Diabetes is a major and growing health issue for millions of Americans. Nearly 10 percent of the U.S. adult population has diabetes, which ranks as the seventh leading cause of mortality in the country, accounting for roughly 80,000 deaths in 2015 alone. Previous studies have found that rural populations have greater prevalence of diabetes, ranging around 15 to 17 percent higher in some cases, and that people in rural areas report higher levels of diabetes-related complications than their urban counterparts. However, these studies are several years old and thus do not capture recent diabetes education, management and prevention efforts.

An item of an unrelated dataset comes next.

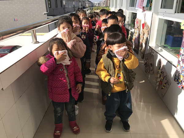 上午9:40分,消防警铃便传遍全园,听到警报后全园教职工立即停下手中的工作,各班教师迅速组织幼儿拿好湿毛巾,捂住口鼻,按紧急预案的疏散带领幼儿进行逃生。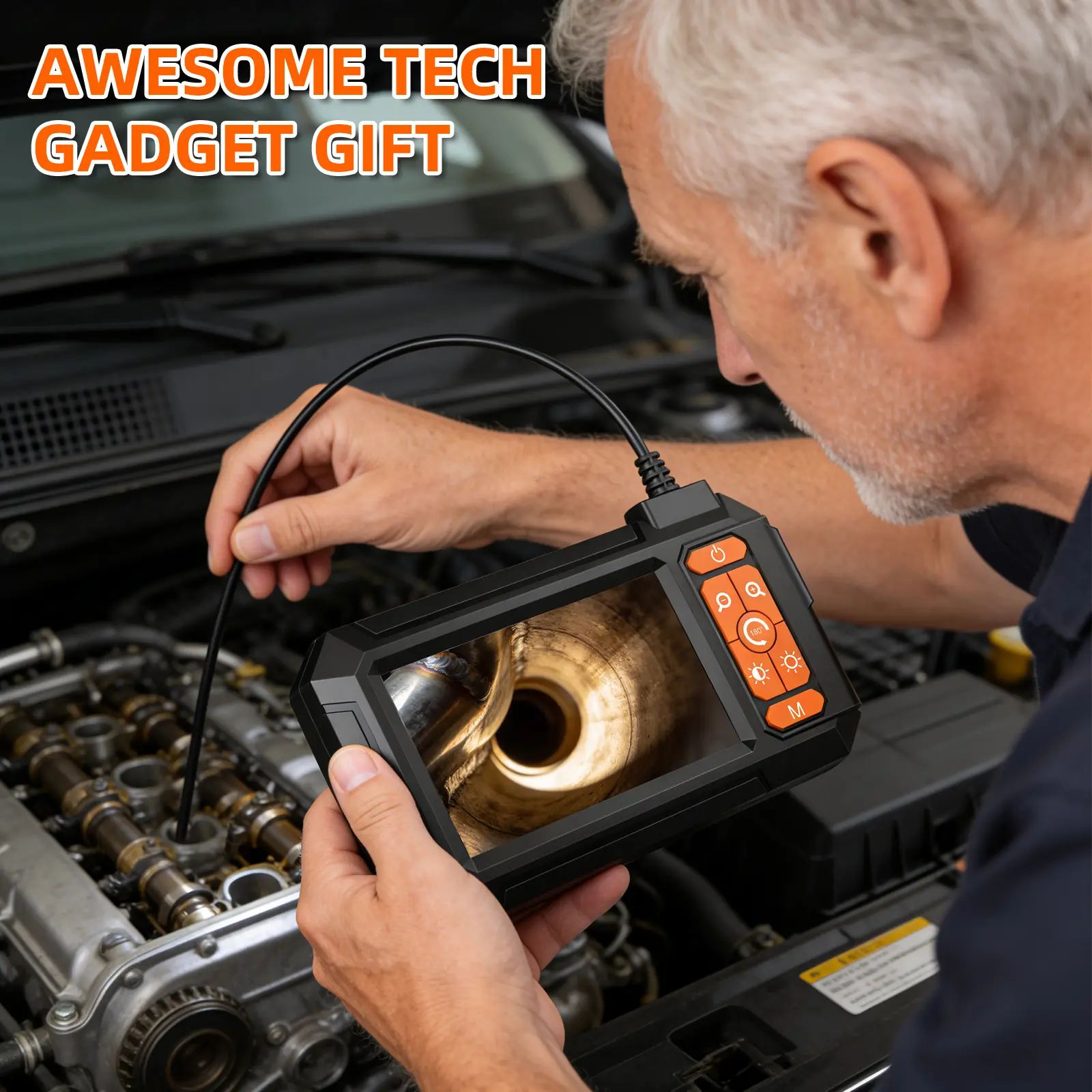 This endoscope camera is perfect for automotive, sewer, and plumbing inspections. Its IP67 waterproof feature makes it suitable for diverse inspection needs. The adjustable LED lights ensure clear visibility in various conditions.

[Photo: Dr. Alva Ferdinand]
To clarify the progress made in diabetes management over the past several years, researchers from the Southwest Rural Health Research Center (SRHRC) at the Texas A&M School of Public Health produced a policy brief aimed at determining differences in hospital-based mortality rates for urban and rural patients and explored how differences varied in various regions of the country. This policy brief was created by School of Public Health faculty Dr. Alva Ferdinand, deputy director of the SRHRC; Drs. Timothy Callaghan and Samuel Towne; Dr. Jane Bolin, SRHRC director; and Ms. Marvellous Akinlotan, a doctoral student in health services research at the School of Public Health. In the study, the researchers examined hospital discharge data from 2009–2014 from the Agency for Healthcare Research and Quality (AHRQ) and identified diabetes-related hospitalizations along the urban-rural continuum using the 2013 National Center for Health Statistics Urban-Rural classification scheme. The scheme outlines a range of six categories from large city core to unincorporated remote areas.
On average, there were about 38,000 diabetes-related deaths per year during the study period. The proportion of diabetes-related deaths for urban patients was 2.63 percent during the study period, whereas the rate was 2.73 percent for rural patients. To put this in perspective, while these percentages appear to be very similar, it should be noted that just 19 percent of the U.S. population lives in rural areas (about 60 million), while 81 percent lives in non-rural areas (close to 266 million). Thus, the burden of diabetes-related mortality is more pronounced among the rural population. The rural-urban split varied in the study’s four geographic regions though, with the Northeast and West regions not showing significant differences and the South and Midwest showing higher rural death rates. These differences were especially pronounced in the South, which had diabetes-related mortality rates between 14 and 21 percent in small cities and unincorporated areas.
The researchers found that there are still large differences in diabetes-related mortality in urban and rural areas despite efforts to improve diabetes education and self-management. Some possible associated factors are difficulties accessing medical care, particularly specialized care like endocrinology, health literacy, and avenues for improved lifestyle choices such as physical activity proper nutrition. These are a few of the factors that warrant further study. Another area worth further research is how variations in Medicaid expansion throughout the country have impacted diabetes-related mortality, as many states in the South and Midwest did not elect to expand their Medicaid programs under the Affordable Care Act.
These findings point to a need for continued interventions for rural patients and ways to address the challenges that rural healthcare providers face in providing routine care and promoting diabetes self-management strategies for their patients. Further innovation at the state and federal level is needed and continued research into health disparities will help light the way ahead.